C’est d’une voix doucement ironique face aux tentations formelles, souvent closes sur elles-mêmes, que Jean-Marie Barnaud, depuis la maison basse de Mougins, en vient à voir dans la parole de poésie la recherche d’une parole destinée aussi à ceux qui n’écrivent pas, selon un mot d’Yves Bonnefoy. Qu’est-ce à dire sinon que le poème trouve sa forme, s’écrit, devient audible et lisible, qu’en inscrivant son expérience dans celle de nos vies dans le temps : joie soudaine, fatigue devant la dureté des bassesses du monde. Son dernier recueil, Passage de la fuyante, s’ouvre ainsi par un conflit intérieur entre les coups de l’actualité tragique et le risque de voir la parole s’échouer dans l’obscénité macabre. Les « mots joufflus / (L)es mots tout roses du poème » y deviendraient ainsi « Bannières sèches et haillons / Laissés pour compte ».
D’autres mots deviennent alors nécessaires, comme ceux de cet homme assis sur une dune qui avance, traverse des lieux effondrés et cherche à dire ce qui relèverait la vie de son dégoût. Et s’il entend « tourner l’autre douleur de vivre / Celle qui ne chante pas », s’il voit encore « les longues femmes noires » allumer des feux « qui flambent clair / Comme leur faim », entend ce « sable qu’on déverse / En charretées sur les visages et sur les mains » des soldats irakiens et voit les femmes de Bosnie « qu’on déchire en quatre », tout cela dont le bon goût littéraire ne veut pas dans le poème, c’est que de l’histoire à l’Histoire un lieu où vivre est à rappeler ou à créer.
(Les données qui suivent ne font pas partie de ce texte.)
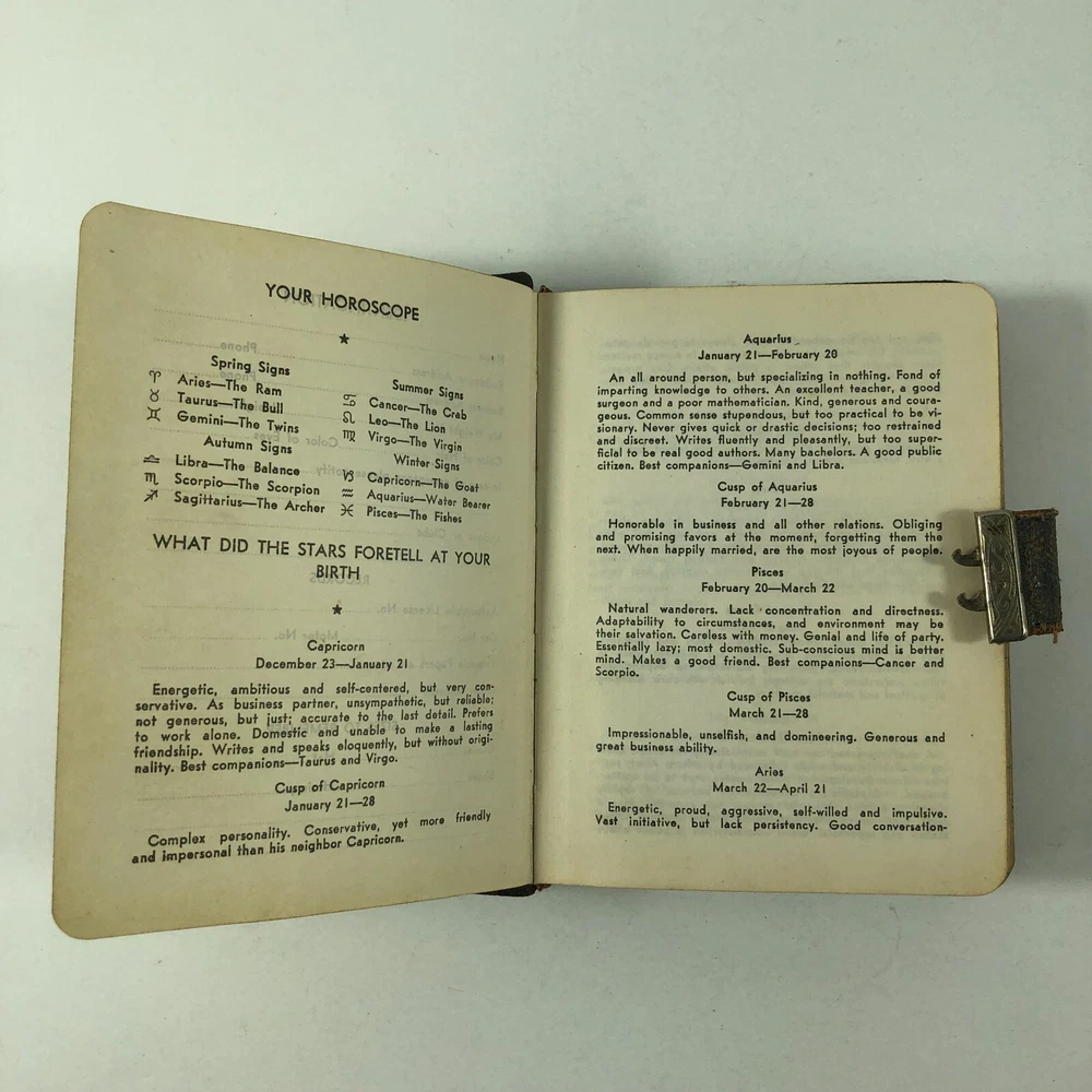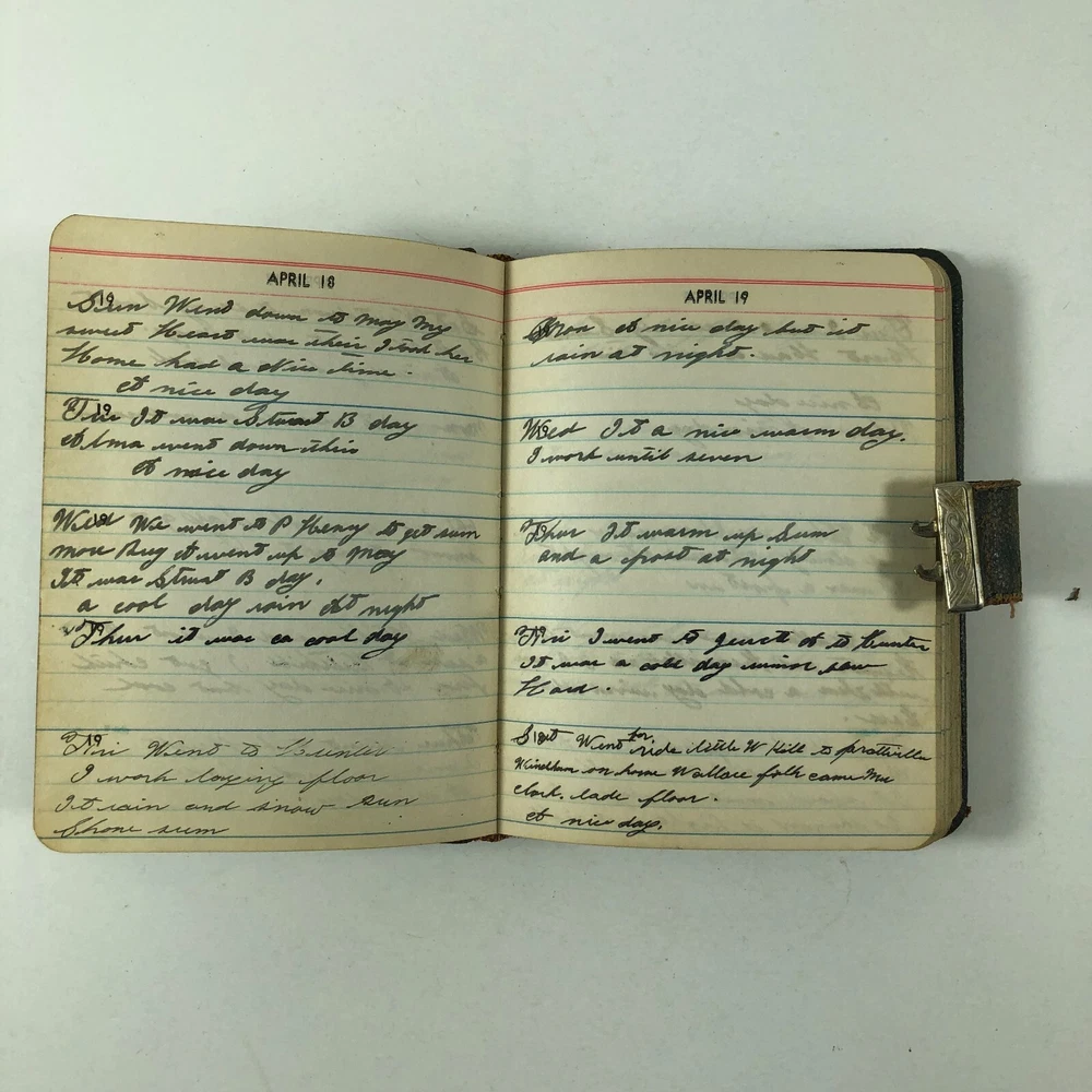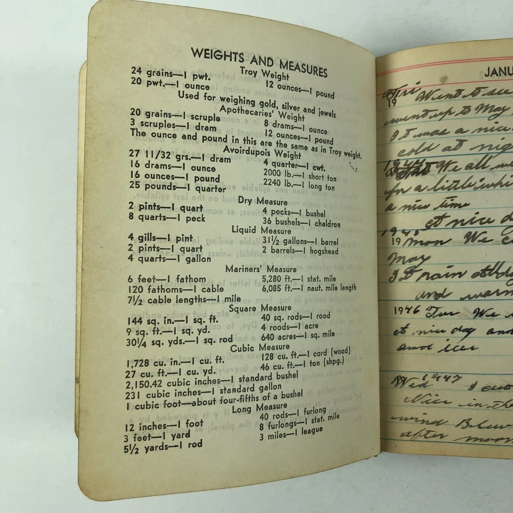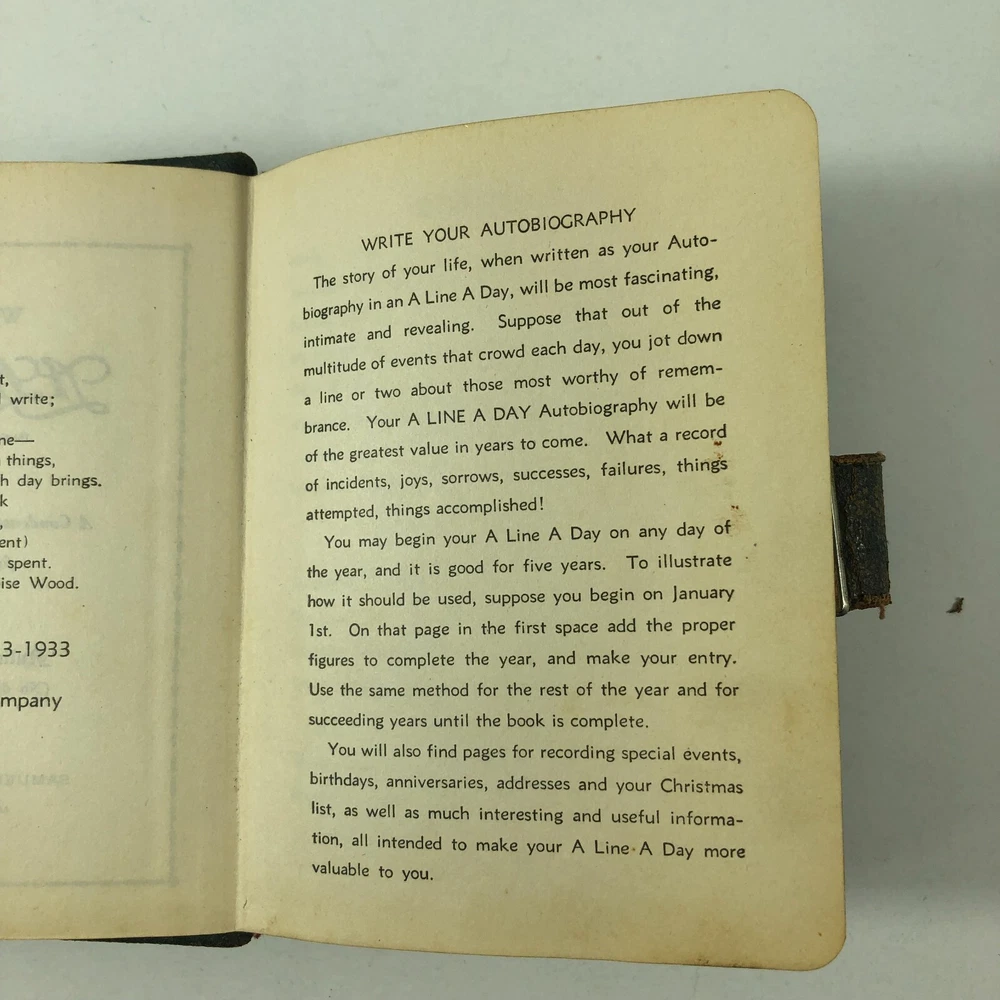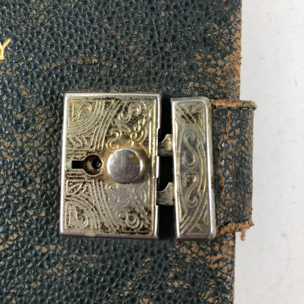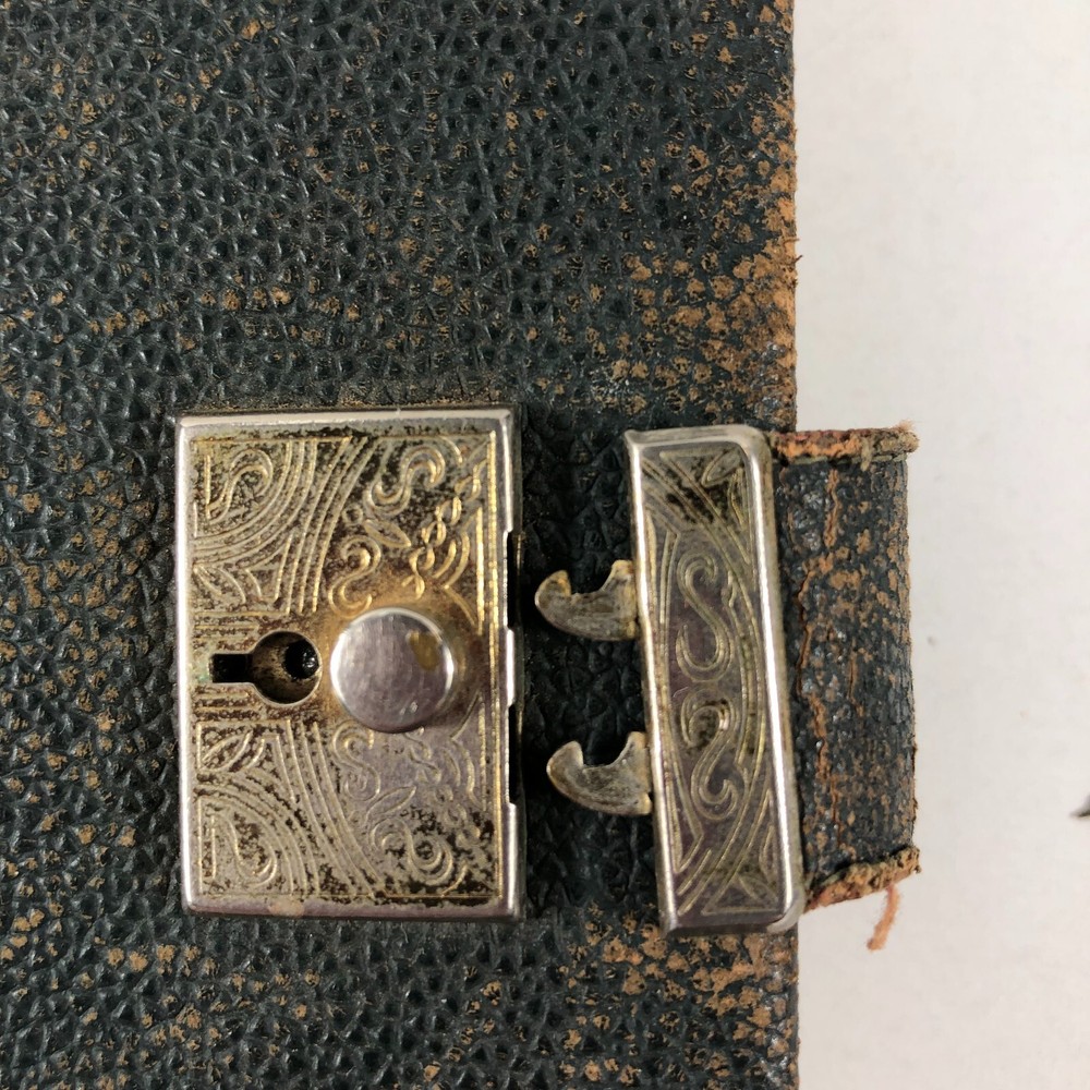 1940's WWII Era A Line A Day Five Year Diary Every Day Travels With Lady Friend . This diary appears to be in very good condition for it's age. It spans 1943-1947. Note there is a functioning lock, but no key. I was able to open simply with a small screwdriver. All pages are totally intact, binding is in very good condition. It appears that there is some type of daily entry almost every day of the five year span. It mainly discusses weather, daily life, travels with and without "My Lady Friend", mentioned frequently. This leather bound diary is definitely an enjoyable browse and read, makes a great piece of historical decor, too. Please use the zoom function over the photo to closely examine condition before purchasing. We are continually adding products to our inventory, so please come back and check out our other items! Don't forget to add our store to your favorites list! Shipping: We ship Monday through Friday, and Saturday whenever possible. I will make every effort to complete shipping with 24 hours except for Sunday's and holidays. Feedback: Positive feedback is greatly appreciated. If you have trouble with your purchase, PLEASE contact us before leaving a neutral or negative feedback. I will make every effort to correct any concern or problem you may have. We take great pride and responsibility for our sales, and in most cases can help with a problem one way or another: no matter if it is the fault of the shipper, a mistake we may have made, or just something overlooked or done accidentally by the buyer. Thanks again for looking at our listing! 012623

L’écriture de Jean-Marie Barnaud y avance, tendue dans sa simplicité entre des mots roses et des mots tranchants, avec et contre la violence de l’Histoire. Dans les hauts rangs certains jugeront, sous l’affaire du culturel, de la nécessité de la poésie et, pour l’écarter, renverront sur elle une honte infecte : comment, oui, peut-elle parler, avec ses mots, du pire et des désastres ! Honteuse, elle le serait à ne pas simplement résister au mal de l’Histoire. Répondre encore à tout ce qui troue les visages, c’est pour Jean-Marie Barnaud faire du poème un lieu de « claire audace », s’élever là où tout s’effondre. Ce lieu est à faire et cette poésie le dit.
Passage de la fuyante
Jean-Marie Barnaud
Cheyne éditeur
64 pages, 75 FF
1 Jean-Marie Barnaud a également publié un roman -Le Censeur- en 1992 chez Gallimard.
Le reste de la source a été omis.